# Thunders-Sky LP12V160AH(a)



## COS (Dec 23, 2008)

I'm a new member/poster here. I am considering this battery LP12V160AH(a) found at: http://www.thunder-sky.com/pdf/TS-LP12V160.pdf

Does anyone know of a BMS for these cells?

Thanks
________
Honda NU50


----------



## dimitri (May 16, 2008)

What's the advantage of this battery vs. 4 individual cells of 160 AH 3.2 V? Is it cheaper? More available?

I'm pretty sure that its just 4 cells packed in one case and connected in series. 

Also, the document states its designed for starter application, not as a traction battery, perhaps its related to internal connections and their ability to sustain high current for more than few seconds.

I think getting individual 160 AH cells gives you better flexibility in design and layout of your pack, IMHO.


----------



## COS (Dec 23, 2008)

Assume my battery pack is 11 Cells to acieve a voltage of 144V~154V

"What's the advantage of this battery vs. 4 individual cells of 160 AH 3.2 V?"
I will need 11 BMS modules as opposed to 38 if I used 3.7v cells.

"Is it cheaper?"
Dunno yet. Haven;t got a reply back. Sent email this morning.

"More available?"
Per Joanne from Thunder-Sky it's as available as the smaller 3.2-3.7 Prismatic cells.

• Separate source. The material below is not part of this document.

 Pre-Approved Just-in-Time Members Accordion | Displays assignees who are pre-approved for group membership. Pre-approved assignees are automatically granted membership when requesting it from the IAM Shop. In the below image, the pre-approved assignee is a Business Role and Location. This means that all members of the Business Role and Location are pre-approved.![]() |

"I'm pretty sure that its just 4 cells packed in one case and connected in series."
You're probably correct, I wouldn't know. Anyone else know?

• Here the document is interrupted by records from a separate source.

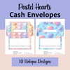 Pastel Hearts Cash Envelopes With Budget Trackers | Valentine Heart Cash Envies With Expense Trackers | Transaction Tracker | Cash Stuffing Logs | Budget Envies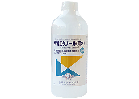 植物性発酵エタノール無水(無水アルコール)は、99.5%以上の植物由来(サトウキビ)の発酵エタノールです。手作り化粧品、手作り化粧水、植物成分の抽出、香料の薄め液などにお使い頂けます。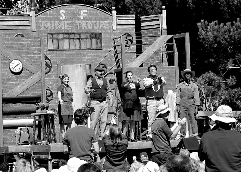 | наблюдала сегодня очень странное действо в нашей йерба буене гарденс: передвижной революцыонный театр (!) показывавший пиесу о борьбе рабочих мириканской ткацкой фабрики за свои права против злодеев капиталистов (причём в конце пиесы рабочие проиграли, преданные плохишом и капиталисты всё обратно захватили и всё стало как было) несмотря на даже некоторое наличие остроумных замечаний о современной американской жизне - пьеса такой чистый беспримесный троцкизм причём при словах, что капитализм в конце концов падёт сидящая в принесённых с собой раскладных креслах цивилизованная на вид публика радостно и долго апплодировала ------------------------ театр этот вроде бы существует лет 50 и капитализм тут давно уже пал просто они этого кажетцо не заметили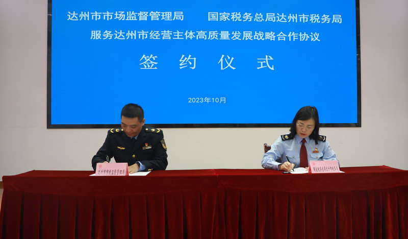 据了解,达州市税务局和达州市市场监督管理局前期在促进数据联通、服务联合、监管联动的基础上已建立良好合作关系。此次签订战略合作协议,标志着双方战略合作进入提档升级的新阶段,为达州经营主体高质量发展搭建纽带桥梁,提供优质服务。

"Also, the document states its designed for starter application, not as a traction battery..."
Aren't all the Flooded and Deep Cycle lead acid batteries everyone uses in the older DIY EV's designed as such? What's the difference here? I would think the higher discharge is a plus, especially when my wife has a"Lead foot".

"I think getting individual 160 AH cells gives you better flexibility in design and layout of your pack, IMHO."
You are ABSOLUTELY correct! However, the battery pack is nothing but a long rectangle. Whether I use a few medium rectangles to achieve my pack or many smaller ones, they'll still fit (Theoretically) but I'll have less of a spaghetti nest of BMS wires and contact rods running up and down the pack. Well, at least that's the plan.....lol

Thanks
________
Honda XR50


----------



## dimitri (May 16, 2008)

I guess all depends on what you expect BMS to do. Is 'M' for Monitoring or Management? Read up many posts here about BMS features and flavors.

Just for monitoring you could use PakTrakr, check to see if it can "read" 12V batteries in "Lithium" mode. It might be a bit off, but should provide pretty good Monitoring function.

Since this battery is made of 4 internal cells, my biggest concern would be those cells getting out of balance. Maybe this is why TS does not recommend it for traction use. In this config you have no way of balancing individual cells, which is a must for EV use , IMHO.

You can't compare with Flooded LA, those are balanced by simply gassing extra current to get all cells equal, no BMS required. With LiFePo4, you need to use voltage clampers to bypass current on individual cells, hard to do if they are enclosed in a box.

Considering you are spending over $10,000 on cells, is few extra BMS modules really going to make a big difference?


----------



## dimitri (May 16, 2008)

Also, I read somewhere that only LFP models use LiFePo4 chemistry, so I am not sure what specific chemistry is used in LP12 model, I can't find it anywhere in the doc. I wouldn't want any other chemistry in EV.


----------



## COS (Dec 23, 2008)

I'll ask them that question on if there are 4 packs crammed into the 12v model.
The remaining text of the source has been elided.